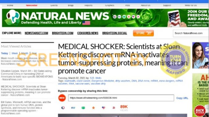 Sebuah artikel dari media Natural News, mengunggah hasil penelitian terkait mRna. Artikel ini menjelaskan bahwa vaksin berbasis mRna yang saat ini tengah dikembangkan, dapat menginstruksikan sel manusia yang berperan penting dalam menyebabkan kanker untuk semakin berkembang, sementara menonaktifkan protein penekan tumor alami dalam tubuh, yang berfungsi menyelamatkan manusia dari kanker. Artikel ini mengklaim hasil penetiltian berasal dari laboratorium independen yang tidak terikat pada industri farmasi manapun yang memproduksi vaksin.
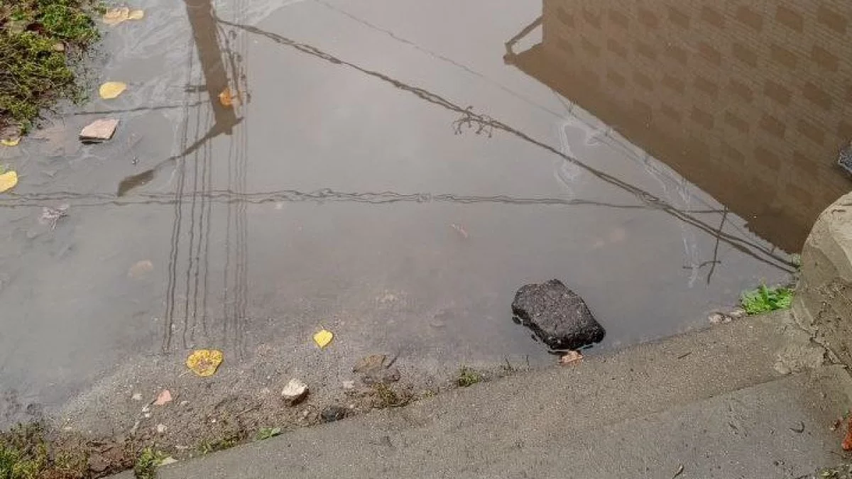 Дорога у торца дома на Московской в Калуге круглый год превращается в лужу
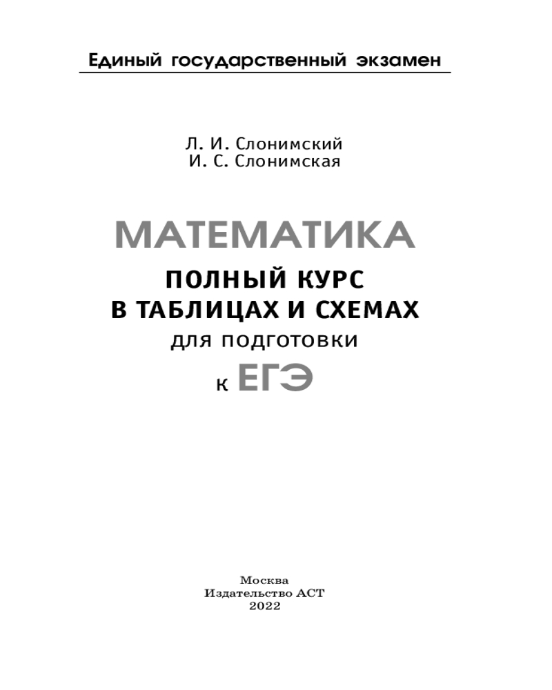 ЕГЭ. Математика. Полный курс в таблицах и схемах для подготовки к ЕГЭИрина Семеновна Слонимская, Лев Иосифович Слонимский +54
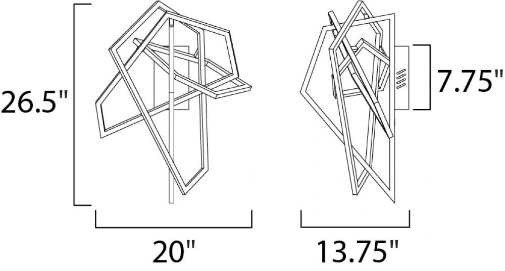Is it lighting or is it Art? The answer is both. Channels of Polished Chrome are skillfully mitered and assembled to create the ultimate conversation piece. LED strips are installed inside the channels to illuminate the room without annoying glare.

> PROMPT:
Transcribe, word for word, the lines of the listing above from the one that contains "Дорога у торца" through the one that contains "ЕГЭ. Математика. Полный", keeping both ends and dropping the pictures.

> RESPONSE BOX:
 Дорога у торца дома на Московской в Калуге круглый год превращается в лужу
 ЕГЭ. Математика. Полный курс в таблицах и схемах для подготовки к ЕГЭИрина Семеновна Слонимская, Лев Иосифович Слонимский +54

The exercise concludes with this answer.